Top of Data extract

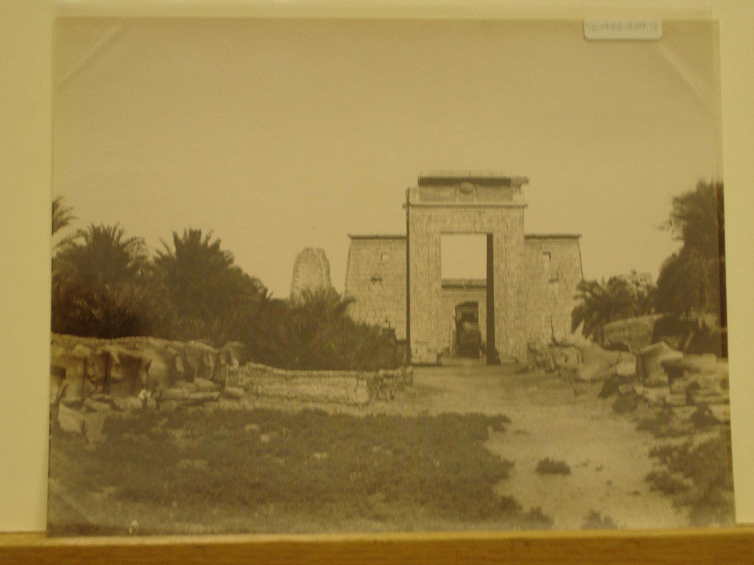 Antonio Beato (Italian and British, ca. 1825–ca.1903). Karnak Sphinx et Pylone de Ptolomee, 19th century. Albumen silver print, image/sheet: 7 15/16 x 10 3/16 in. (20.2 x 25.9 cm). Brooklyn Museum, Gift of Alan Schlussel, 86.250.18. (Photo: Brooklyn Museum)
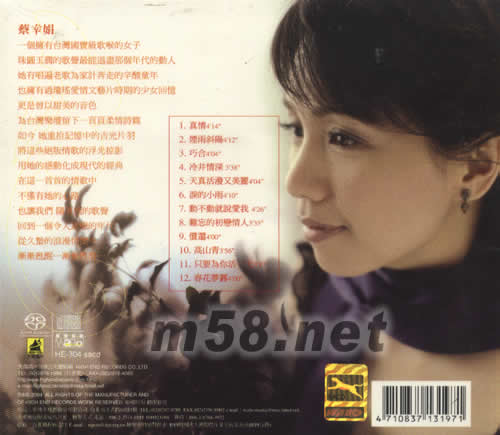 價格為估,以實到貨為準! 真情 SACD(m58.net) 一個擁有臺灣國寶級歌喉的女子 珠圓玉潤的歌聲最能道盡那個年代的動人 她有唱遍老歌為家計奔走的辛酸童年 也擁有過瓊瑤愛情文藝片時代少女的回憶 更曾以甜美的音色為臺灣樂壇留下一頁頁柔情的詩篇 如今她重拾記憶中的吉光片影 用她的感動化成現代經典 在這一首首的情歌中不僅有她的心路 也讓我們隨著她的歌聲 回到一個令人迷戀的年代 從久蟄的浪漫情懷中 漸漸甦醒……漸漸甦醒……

Bottom of Data extract
Top of Data extract

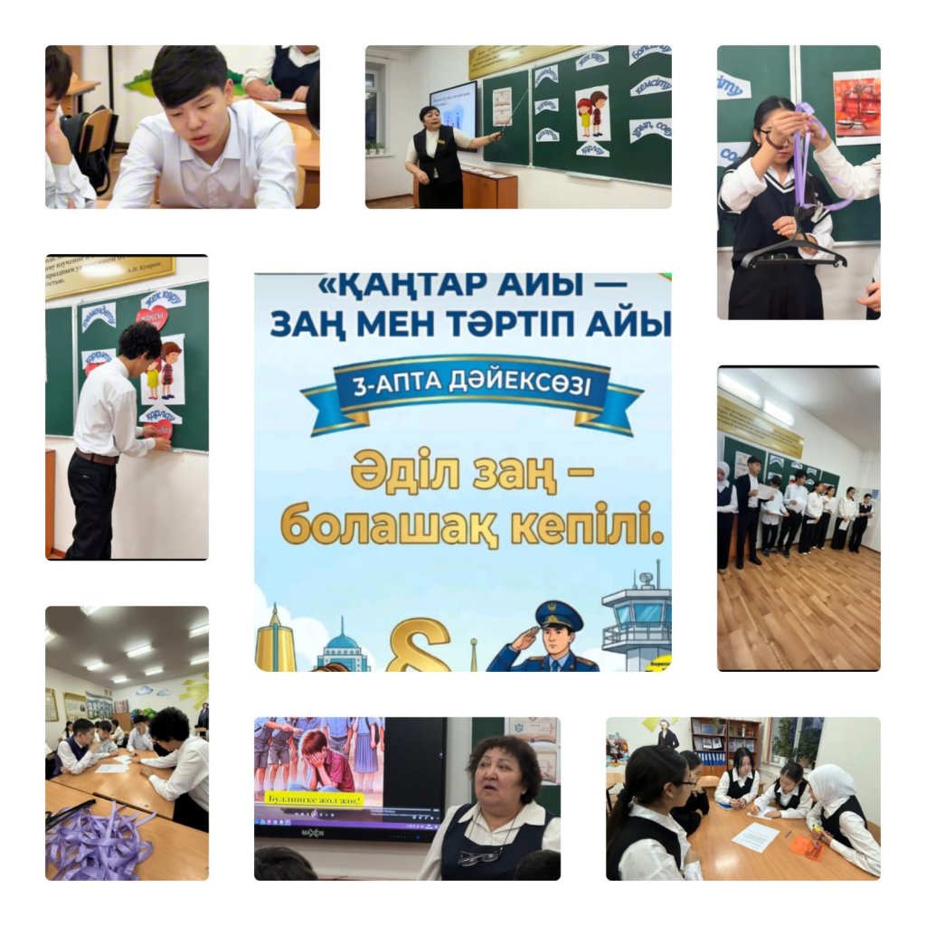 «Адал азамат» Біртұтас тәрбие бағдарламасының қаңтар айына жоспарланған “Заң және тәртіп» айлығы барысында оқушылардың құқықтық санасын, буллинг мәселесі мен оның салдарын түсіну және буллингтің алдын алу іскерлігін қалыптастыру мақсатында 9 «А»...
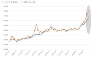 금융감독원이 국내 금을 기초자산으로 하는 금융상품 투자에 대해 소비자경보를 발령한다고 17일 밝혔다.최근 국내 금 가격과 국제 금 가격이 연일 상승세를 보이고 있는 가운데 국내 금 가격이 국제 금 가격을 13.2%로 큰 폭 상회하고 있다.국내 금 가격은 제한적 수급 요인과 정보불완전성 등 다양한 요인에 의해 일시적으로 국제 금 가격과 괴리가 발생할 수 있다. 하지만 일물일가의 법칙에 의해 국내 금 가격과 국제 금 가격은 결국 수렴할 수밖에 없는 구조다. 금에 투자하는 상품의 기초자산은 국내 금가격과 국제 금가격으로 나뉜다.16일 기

Bottom of Data extract

Task brief: Retype only the lines above from the one with "Antonio Beato (Italian" through the one with "價格為估,以實到貨為準! 真情 SACD(m58.net)", exactly and with both ends. Images stay out.

Solution for this problem:
 Antonio Beato (Italian and British, ca. 1825–ca.1903). Karnak Sphinx et Pylone de Ptolomee, 19th century. Albumen silver print, image/sheet: 7 15/16 x 10 3/16 in. (20.2 x 25.9 cm). Brooklyn Museum, Gift of Alan Schlussel, 86.250.18. (Photo: Brooklyn Museum)
 價格為估,以實到貨為準! 真情 SACD(m58.net) 一個擁有臺灣國寶級歌喉的女子 珠圓玉潤的歌聲最能道盡那個年代的動人 她有唱遍老歌為家計奔走的辛酸童年 也擁有過瓊瑤愛情文藝片時代少女的回憶 更曾以甜美的音色為臺灣樂壇留下一頁頁柔情的詩篇 如今她重拾記憶中的吉光片影 用她的感動化成現代經典 在這一首首的情歌中不僅有她的心路 也讓我們隨著她的歌聲 回到一個令人迷戀的年代 從久蟄的浪漫情懷中 漸漸甦醒……漸漸甦醒……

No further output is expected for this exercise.